What a strange conflux of symptoms, I thought to myself.  On Sunday evening I went to the emergency at the public hospital (really a glorified clinic) in Playas where the MD on call took my blood pressure and suspected glaucoma because of the intense eye pain.  He suggested I see an ophthalmologist right away and perhaps also a neurologist.

 

On Monday morning we headed for Guayaquil and got an appointment with my ophthalmologist for the afternoon.  He ruled out glaucoma or any other eye involvement but suspected Herpes Zoster and sent me right away to see a dermatologist, who diagnosed it on the spot (no pun intended).

 

Herpes Zoster is not curable.  The lesions usually disappear without leaving a scar.  But the neuralgia – the pain – can last for days, weeks, months, or years (!!!).  Apparently the key to preventing long term effects is early treatment with anti-viral medication.  As uncomfortable as is the pain, the anxiety of now knowing how long it is going to last is the worst part.

 

The pain with which I continue to live in not unbearable, but it is quite debilitating.
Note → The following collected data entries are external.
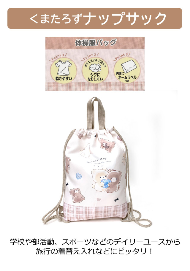 体操服入れ ナップサック 女の子 くま テディ 小学生 女子 体操着入れ 体操服バッグ ランドセルの上から ナップザック 体操着 キッズ 子供用 リュック 巾着 子供 かわいい 小学生 プールバッグ ナイロン 修学旅行 林間学校 水泳バッグ サブバッグ 入学準備 入学グッズ 入園
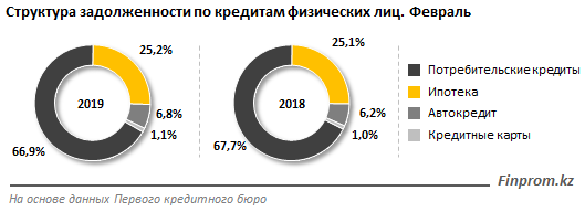 Совокупная ссудная задолженность казахстанцев перед кредитными организациями перевалила за 6 триллионов тенге. Объем кредитов, выданных банками Казахстана физическим лицам, за февраль 2019 года составил 360 миллиарда тенге - на 4 процента больше, чем в прошлом месяце, и на 31,3 процента больше по сравнению с февралем 2018 года.
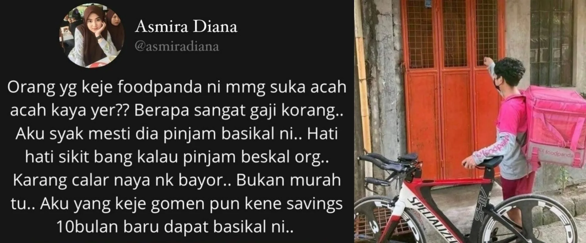 “Why do these Foodpanda riders like to pretend they’re so rich? Their income is not that much. I suspect he just borrowed the bicycle. Be careful if you’re borrowing someone else’s property. If you scratch it, how are you going to pay for it. It’s not going to be cheap. Even I would have to save ten months’ worth of income to buy this bicycle, and I work for the government,” Asmira wrote.
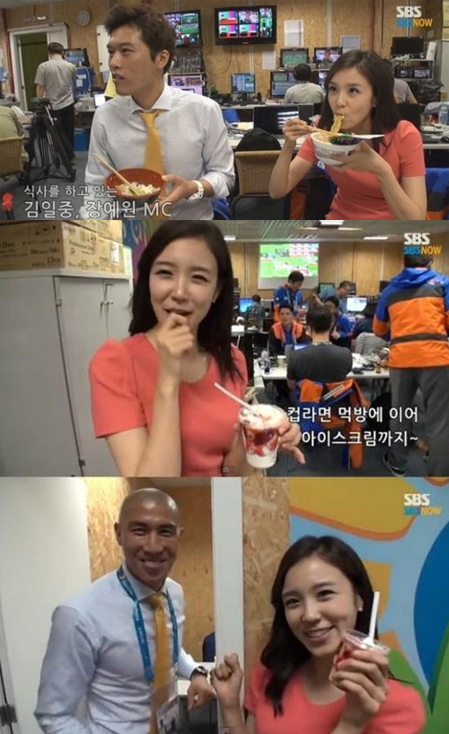 장예원 아나운서는 컵라면 먹방에 이어 아이스크림 먹방까지 선보였다. 장예원은 "차두리 해설위원님이 쏜 것이다. 아이스크림 먹고 싶었는데 너무 좋다"며 맛있게 아이스크림을 먹었다. 이어 차두리 해설위원은 감사의 인사를 전하러 온 장예원을 향해 쑥스러운 미소를 지어 눈길을 끌었다.
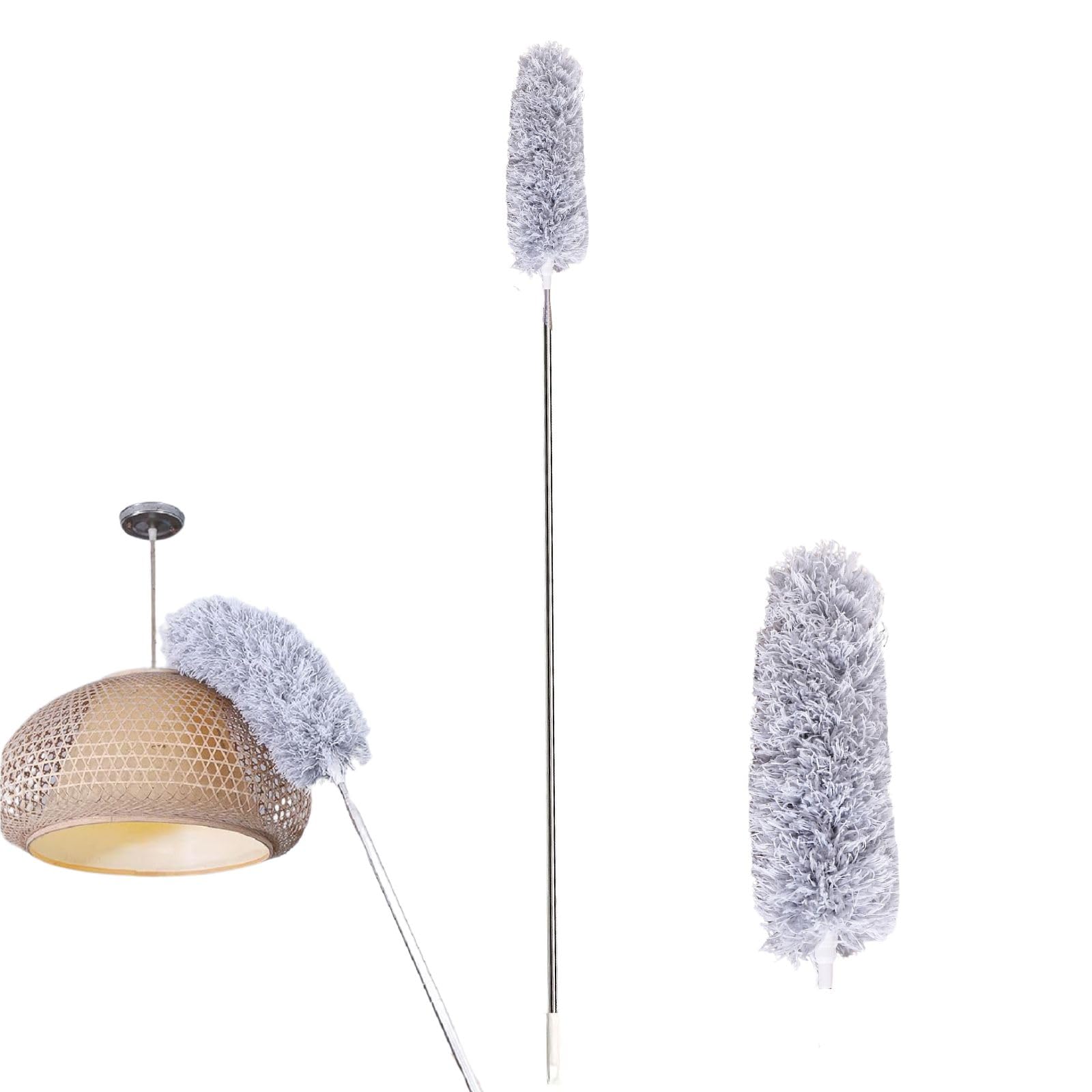 HAPPY SUGAR 高所モップ ロングモップ ハンディモップ 蜘蛛の巣取り棒 洗車モップ ほこり取り 壁 ホコリ取り 高所 掃除 隙間 (モップ+替えモップヘッド2個セット)

Picture having a head ache, eye pain, ear ache and tooth ache – all at the same time.  It has diminished over time, but very slowly as the dermatologist told me it would.  I am to rest for two weeks, stay out of sunlight, and not drive a car.  When I told the doctor I live in Playas and it is sunny all the time, what if I need to go out, he responded, “don’t worry, you won’t want to go out.”

 

WHY AM I BORING YOU WITH ALL THIS?

 

I would not wish this on my worst enemy (with the one exception of anyone whose middle initial is “W.”).

 

I am sending this to those of you who are in the 60 year range because I understand a vaccination has been developed.  It is expensive, but according to my brother, it is worth while.  It will not prevent the outbreak of shingles, but considerably mitigate the effects.

 

I STRONGLY URGE YOU TO LOOK INTO THIS.

 

And don’t worry about me, I am handling it OK.